The sale of skimmed milk, by the city ordinance, is to be from cans bearing the words “ Skimmed Milk ” conspicuously stamped upon the side; by § 2660 of the General Stat*550utes it is to be from cans bearing a metallic tag on which the same words are stamped.

The pecuniary penalties imposed by the ordinance cannot be less than $50, nor more than $100. Under the general laws, they may be considerably less, and for some offenses more, besides an additional liability to imprisonment.

The public statutes leave the business of a milkman open to all, on equal terms, throughout the State; only imposing certain regulations upon those who may undertake it, and enforcing them, when necessary, by proceedings of a criminal nature, resulting in a sentence proportioned to the gravity of the offense. The ordinance excludes every one who has not received a license from the local health officer, from participating in it, within the city of Bridgeport, under pain of a fixed pecuniary forfeiture, which, in case of a second offense is to be doubled and to entail a loss of the license previously granted. Of these differences between the provisions of the by-laws in question and the general statutes, that last mentioned, unless found to be warranted by the terms of the city charter, is decisive of the present case.

Under the Constitution of this State, even the General Assembly has not unrestricted power to provide for the grant or refusal of licenses, without which a citizen cannot engage in what is one of the eommon occupations of life.
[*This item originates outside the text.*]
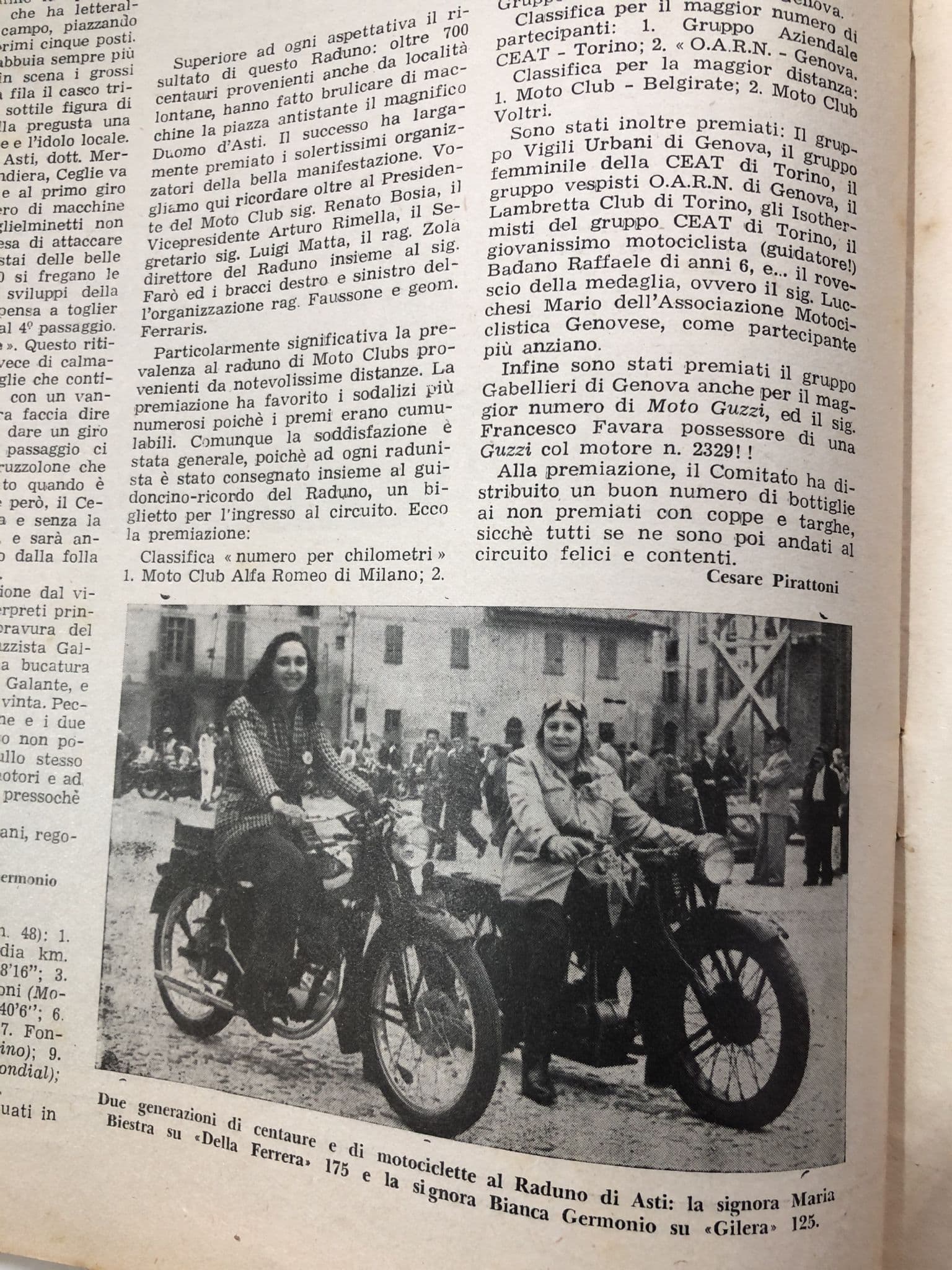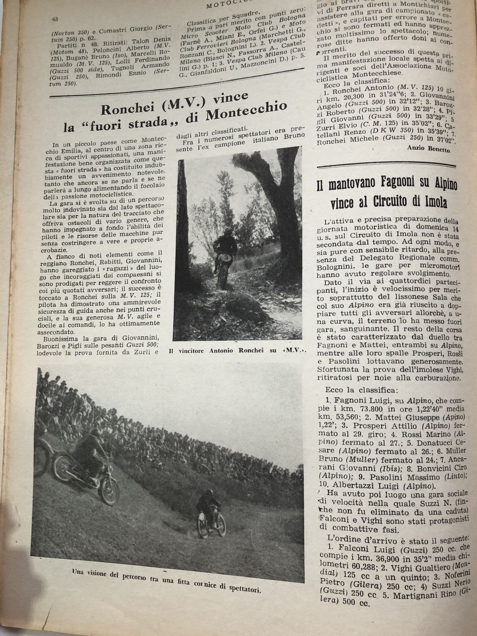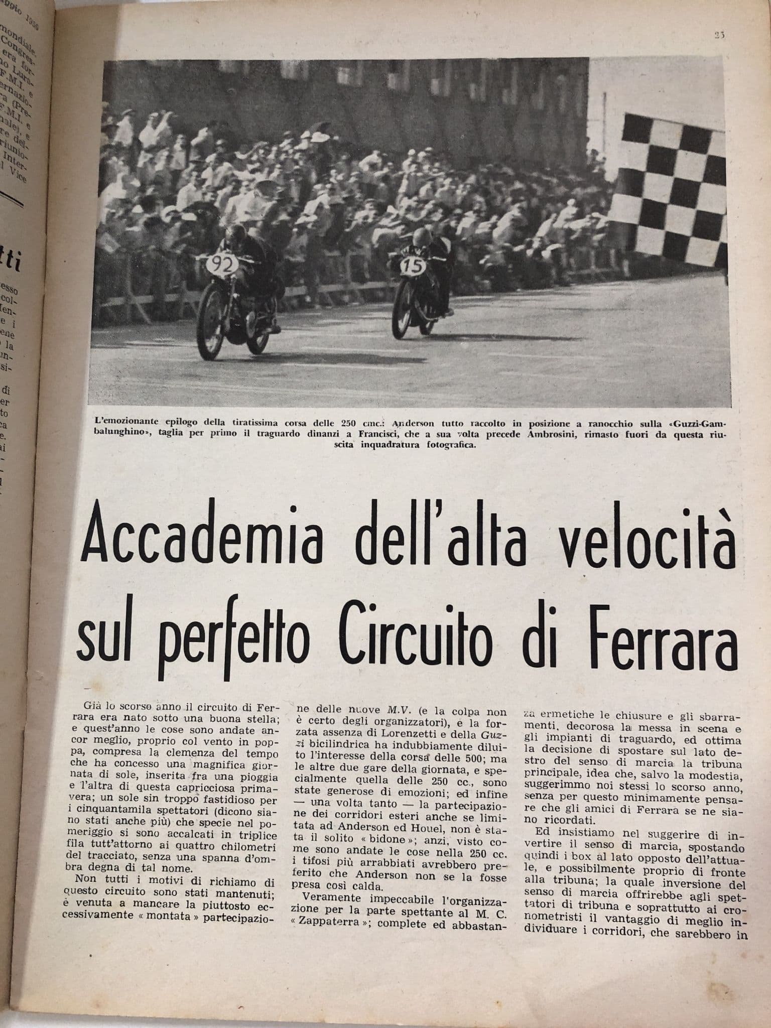Italian Motorcycle magazine from 1951 with many reports of races, trials and other events as well as fabulous period adverts for the likes of Moto Guzzi and Bianchi .

State v. Conlon, 65 Conn., 478. It has confided to the Common Council of Bridgeport the right to make ordinances, relative to licensing cartmen, truckmen, hackmen, butchers, bakers, petty grocers or hucksters, and common victualers. Petty grocers or hucksters and eommon victualers may, as part of their business, sell milk ; but the ordinance in question relates to licenses for all who sell milk, without regard to whether they are petty grocers, hucksters or common victualers, or not. It therefore goes beyond the power specifically conferred, and the “ general welfare ” clause, with which § 41 of the charter concludes, must be read with strict reference to what precedes it. The right to license the pursuit of a lawful business, which, as usually carried on, does *551not endanger the public health or safety, and thus to limit the number of those who may engage in it, is one of the highest powers of sovereignty. When conferred upon a municipal corporation, the grant cannot be extended by any doubtful implication.
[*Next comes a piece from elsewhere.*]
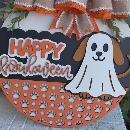 Celebrate spooky season with a touch of puppy love! 🐶🎃 Our Happy Howloween Dog Halloween Door Sign is perfect for dog lovers who want festive, pet-themed fall décor. Featuring a ghost-costumed puppy, playful paw prints, and bold Halloween colors, this 3D layered wooden sign makes a boo-tiful statement on any front door, porch, or entryway.
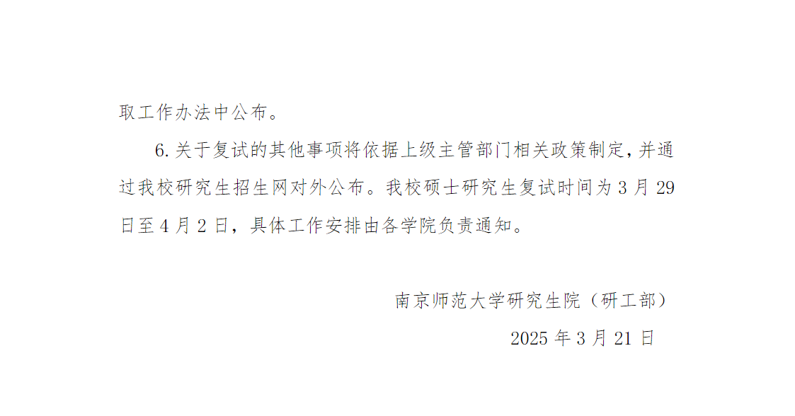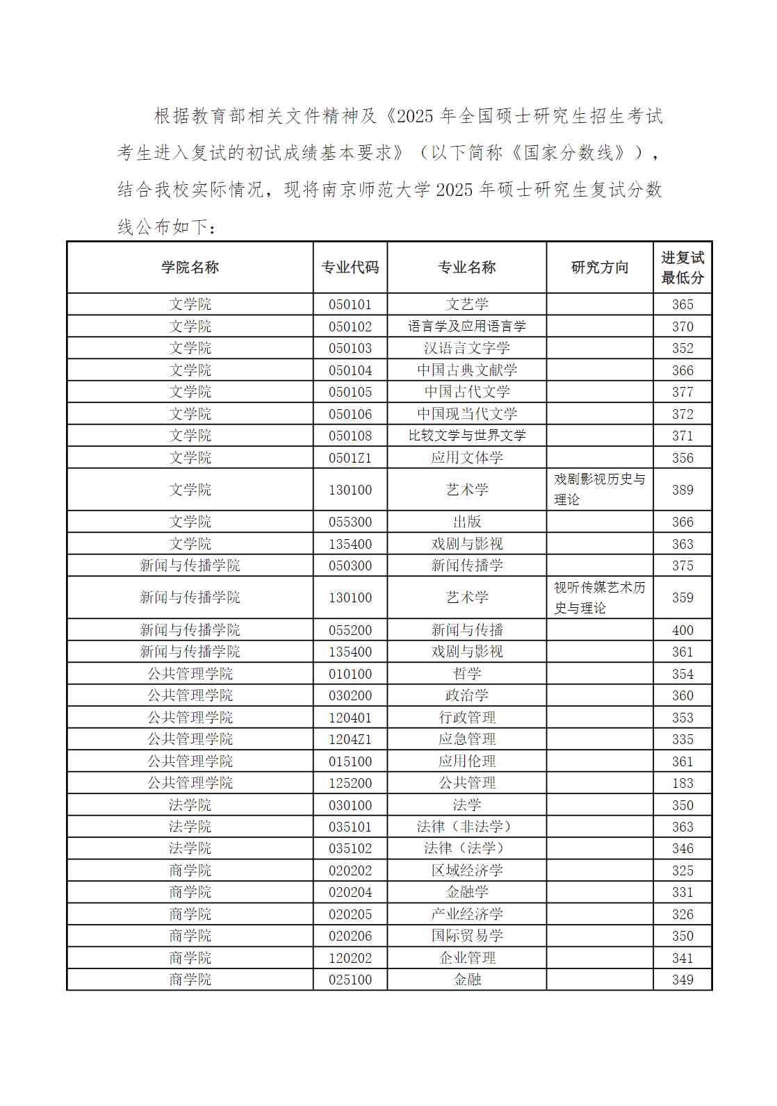 关于公布南京师范大学2025年硕士研究生复试分数线的通知

After giving full force to all the provisions of § 41, we are brought to the conclusion that it is, at least, doubtful whether the charter authorized the licensing of milkmen. It therefore did not authorize it; and that part of the ordinance was void upon which the complaint in the case before us was based. Crofut v. Danbury, 65 Conn., 294.

There is error in the judgment appealed from.

In his opinion the other judges concurred.